Transfer the lipid solution to containers and freeze, either on a block of ice or using a dry-ice acetone or alcohol bath. Once completely frozen, the lipid cake is placed on a vacuum pump and lypholized for 1-3 days until dry. Once dry, remove the lipid film/cake, seal and store frozen until needed for hydration.

Hydration of lipid film/cake
The process of hydrating the lipid film/cake is relatively simple. The same method can be used for all lipid vesicles. Hydration will cause stacks of liquid crystalline bilayers to become fluid and swell. The hydrated sheets are then agitated causing them to detach and self-close. Add an aqueous medium to the container and agitate. The medium chosen could be: distilled water, buffer solutions, saline, and nonelectrolytes such as sugar solutions, the choice will depend on the application of the lipid vesicles.

Before adding, ensure the temperature of the medium is above the gel-liquid crystal transition temperature (Tc or Tm) of the lipid with the highest Tc. Maintain the suspension above the Tc throughout hydration. A hydration time of one hour with vigorous shaking/mixing/stirring is recommended. If the suspension is left to stand overnight homogeneity is improved and the sizing process becomes easier. For in vivo applications, physiological osmolality (290 mOsm/kg) is recommended; examples include 0.9% saline, 5% dextrose or 10% sucrose.

Hydration will yield a product of a large, multilamellar vesicle (MLV) (around 2.5 μm), similar in structure to an onion. Each phospholipid bilayer is separated by a layer of water. The hydrated MLV suspension should be stable. There are a variety of techniques, including sonication or extrusion, to downsize the MLV particles to small or large unilamellar vesicles (SUV/LUV).

Sizing of lipid suspension
LUV are stable in storage whereas SUV will tend to fuse spontaneously when they drop below a phase transition temperature of the lipid that forms the vesicle. SUV (Small unilamellar vesicles) are typically 15-50 nm in diameter, LUV (large unilamellar vesicles) are 100-200 nm or larger.

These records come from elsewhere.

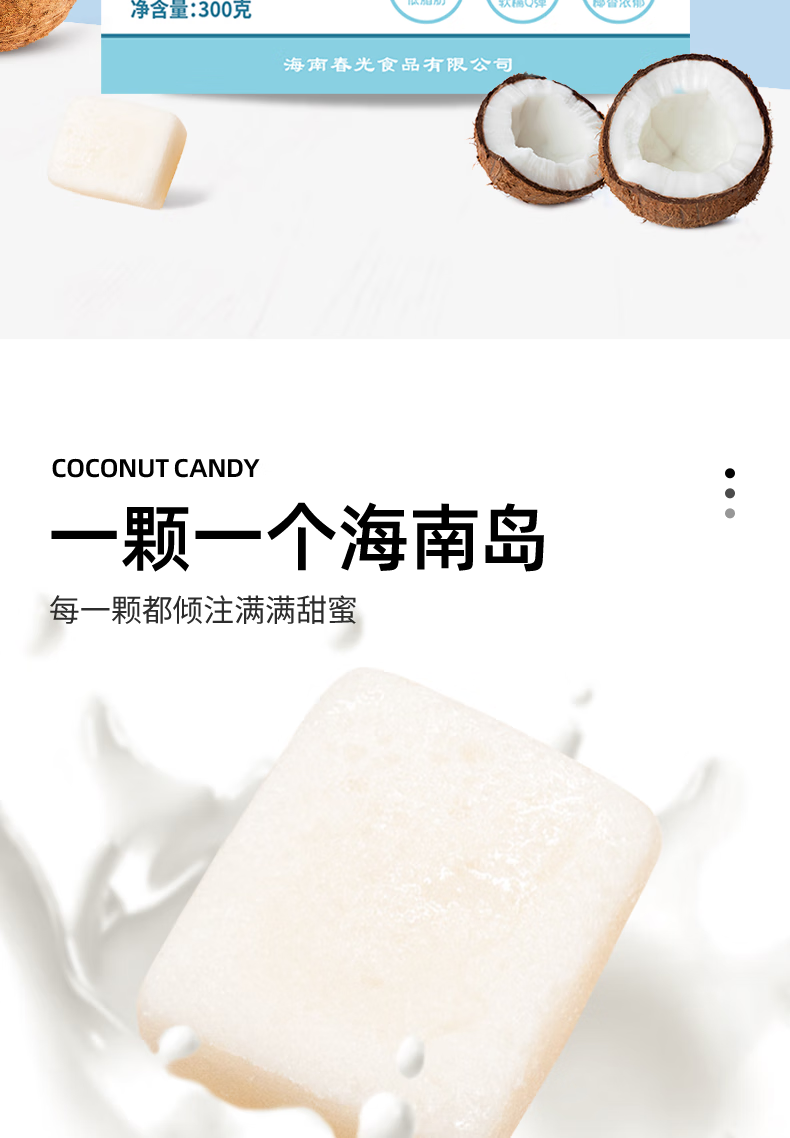 春光食品 海南特产 特制椰子糕 水果软糖果 300 克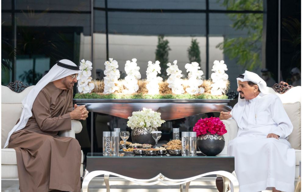التقى صاحب السمو الشيخ محمد بن زايد آل نهيان ولي عهد أبوظبي نائب القائد الأعلى للقوات المسلحة ــ في استراحة الصفيا بمنطقة مشيرف في عجمان.. صاحب السمو الشيخ حميد بن راشد النعيمي عضو المجلس الأعلى حاكم عجمان.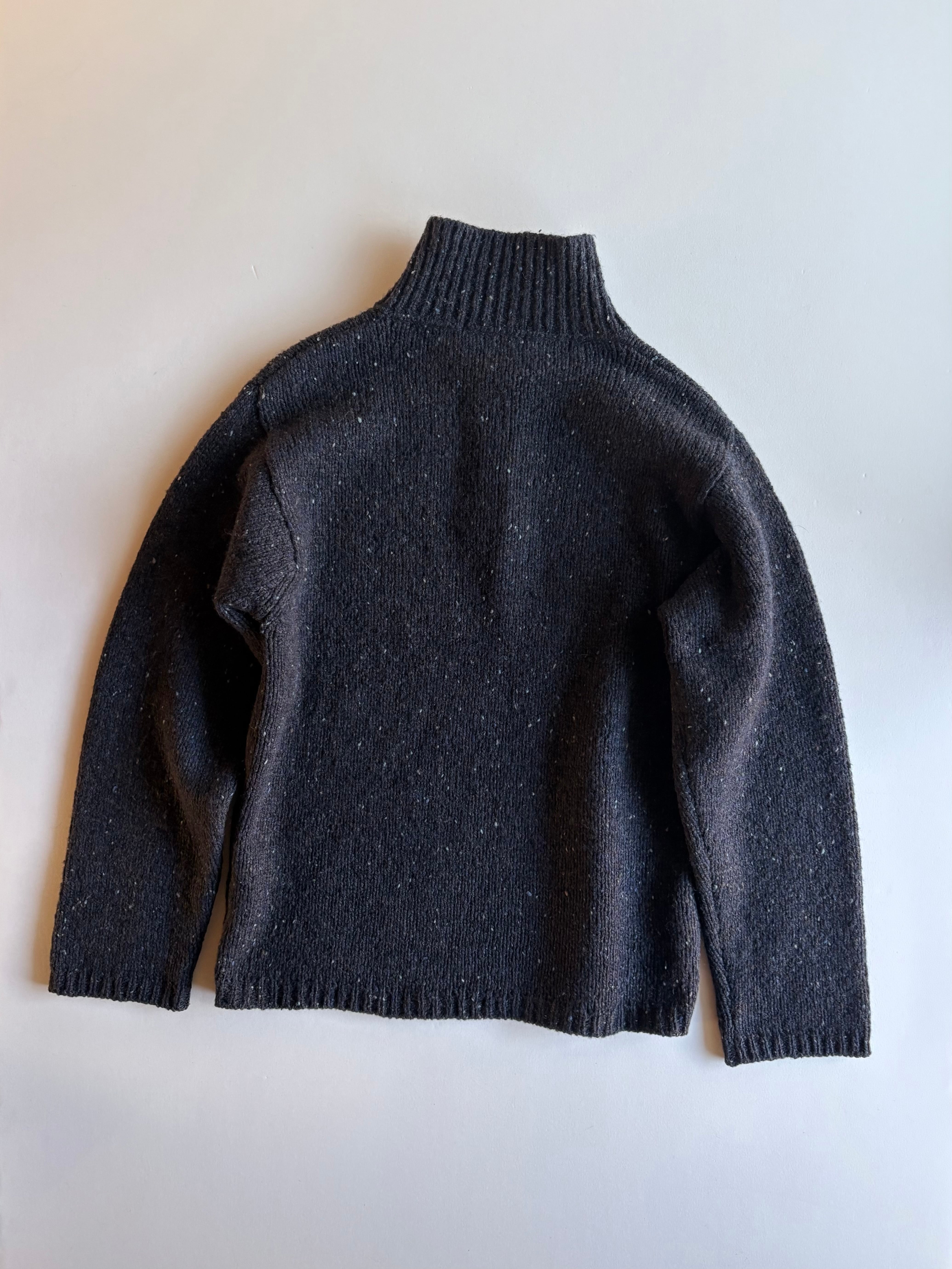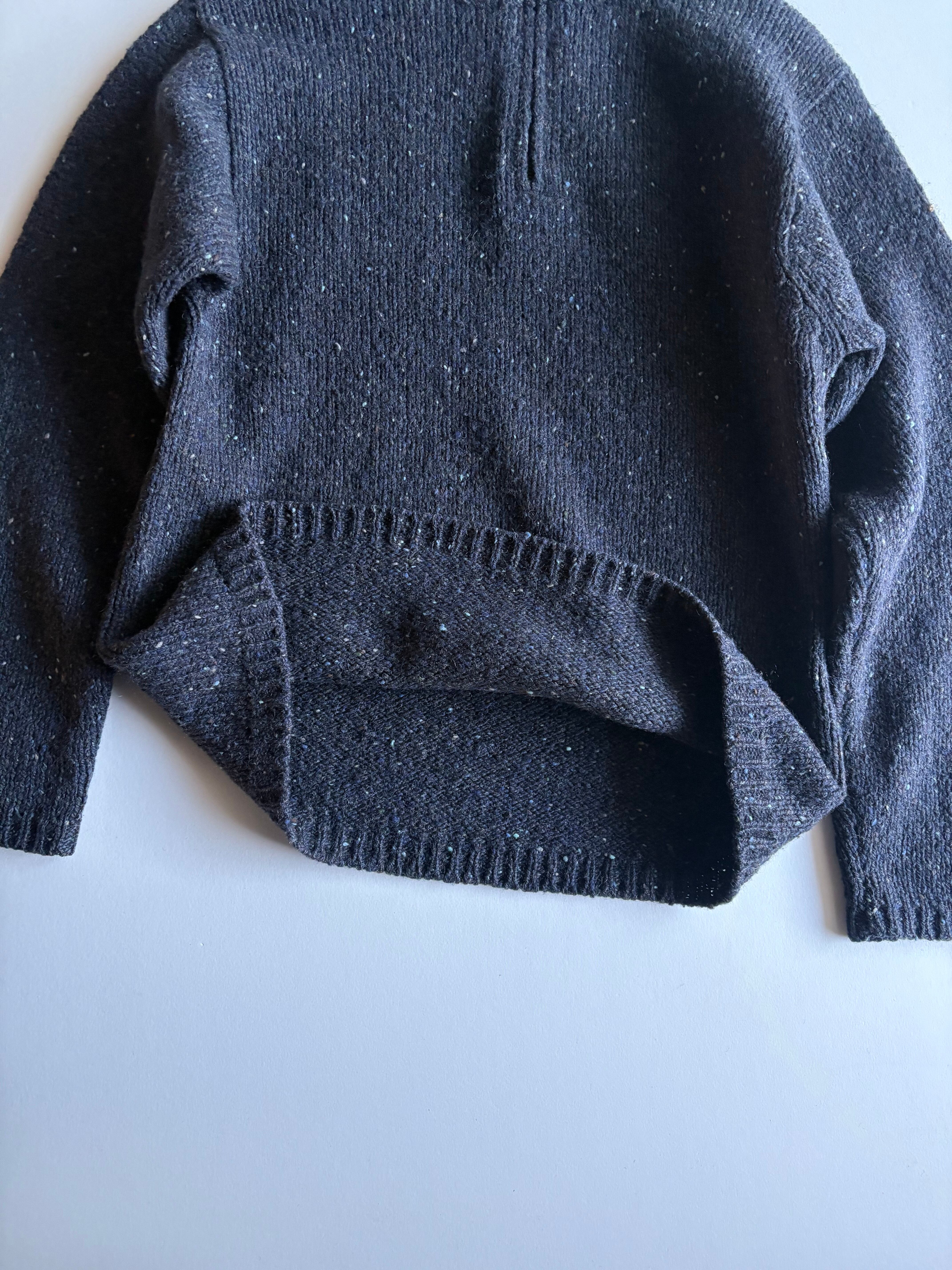 ネイビーの様な色合いながら、マーブル調な糸が混ざっているので、センスを感じるおしゃれな一枚。

Mechanical dispersion methods include: sonication, French pressure cell: extrusion, freeze-thawed liposomes, lipid film hydration, micro-emulsification, membrane extrusion or reconstituted vesicles. Sonication is the most extensively used method to prepare SUVs. MLVs can be sonicated using a bath-type sonicator or a probe sonicator under a passive atmosphere. This method does have its disadvantages though: very low internal volume/encapsulation efficacy; possible degradation of the phospholipids as well as the compounds destined to be encapsulated; elimination of large molecules; pollution of metal from the probe tip and the yield could include MLV (Multilamellar Vesicles) as well as SUV.

Sonication can be carried out using either probe sonication or bath sonication. Probe sonication utilises a high energy input from a probe which is inserted directly into the liposome dispersion. This takes up to one hour and temperature needs to be controlled.  Disadvantages: titanium pollution from the tip of the probe and heating around the tip will cause de-esterification of more than 5% of the lipids.
Bath sonication involves the liposome dispersion being placed into a bath sonicator. This method is easier to control and the liposomes and other compounds being sonicated can be protected within a sterile vessel.

Extrusion
Lipid extrusion involves forcing the lipid suspension through a polycarbonate filter with a pre-determined pore size to obtain a yield of particles with the diameter close to the pore size of the filter. To improve the homogeneity of the final suspension and to protect LMV membranes from damage, LMV suspensions need to be disrupted prior to extrusion through the final pore size. This is achieved by either putting the suspension through several freeze-thaw cycles or pre-filtering through a larger pore size (typically 0.2µm-1.0µm). Temperatures need to be maintained above the temperature of the Tc of the lipid throughout extrusion. Mean particle size depends upon the lipid composition but is reproducible from batch to batch.